- Task description
Copy task for the material below: print the line with "Breng overzicht in" and every line after it to the end, exactly as written, without the pictures.

- Given information
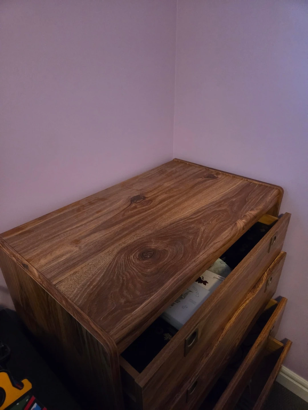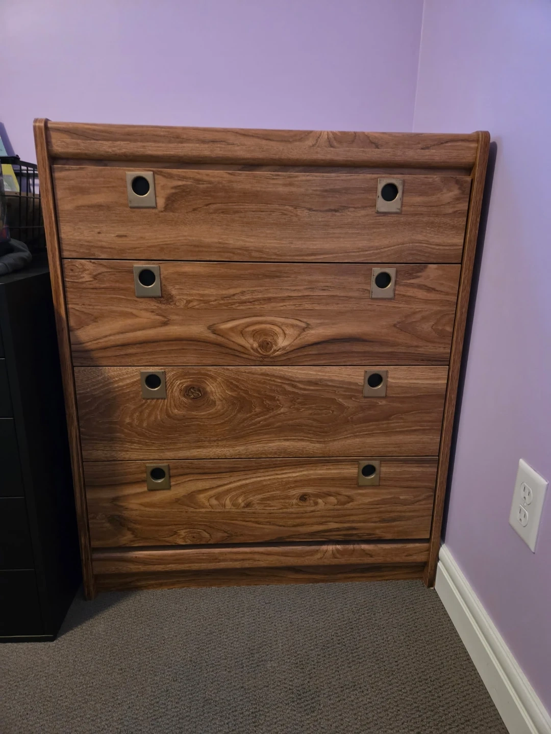 Here's a lovely wooden dresser with four drawers. It's perfect for adding some extra storage to your bedroom or any other room in the house. The wood grain is really beautiful and adds a touch of warmth to the space
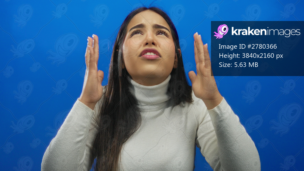 Woman presses her ears while covering her face framed by a background where a young latin hispanic figure stands against an isolated blue wall.
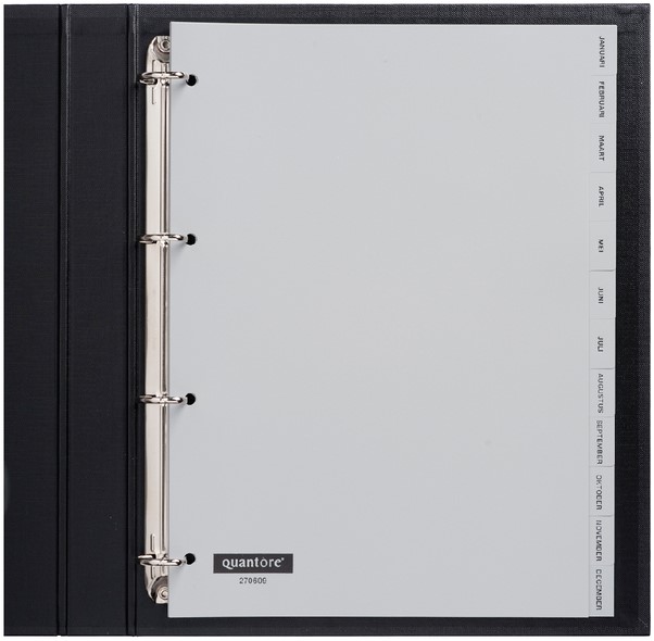 Breng overzicht in uw administratie of planning met de Quantore tabbladen 4-gaats 12-delig met maanden in grijs. Deze duurzame tabbladen zijn vervaardigd uit stevig polypropyleen en zijn bedrukt met de maanden januari tot en met december, waardoor u eenvoudig documenten per maand kunt organiseren. De grijze kleur biedt een professionele uitstraling, terwijl de eenzijdig zwart bedrukte tabs zorgen voor snelle herkenning. Dankzij de 4-gaats perforatie passen deze tabbladen perfect in standaard ringbanden en ordners. Dit product is ideaal voor het bijhouden van maandelijkse rapportages, facturen of projectdocumentatie.
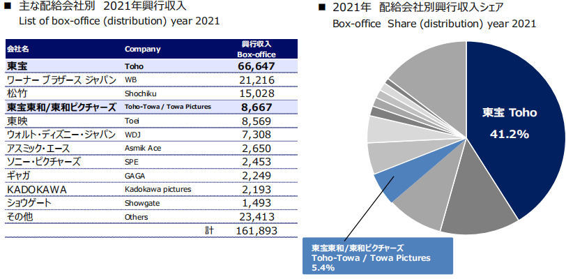 2021年,東寶電影發(fā)行收入穩(wěn)居日本第一,加上東寶東和與東和Pictures,東寶共有46.6%的市場份額。

- Exercise response
 Breng overzicht in uw administratie of planning met de Quantore tabbladen 4-gaats 12-delig met maanden in grijs. Deze duurzame tabbladen zijn vervaardigd uit stevig polypropyleen en zijn bedrukt met de maanden januari tot en met december, waardoor u eenvoudig documenten per maand kunt organiseren. De grijze kleur biedt een professionele uitstraling, terwijl de eenzijdig zwart bedrukte tabs zorgen voor snelle herkenning. Dankzij de 4-gaats perforatie passen deze tabbladen perfect in standaard ringbanden en ordners. Dit product is ideaal voor het bijhouden van maandelijkse rapportages, facturen of projectdocumentatie.
 2021年,東寶電影發(fā)行收入穩(wěn)居日本第一,加上東寶東和與東和Pictures,東寶共有46.6%的市場份額。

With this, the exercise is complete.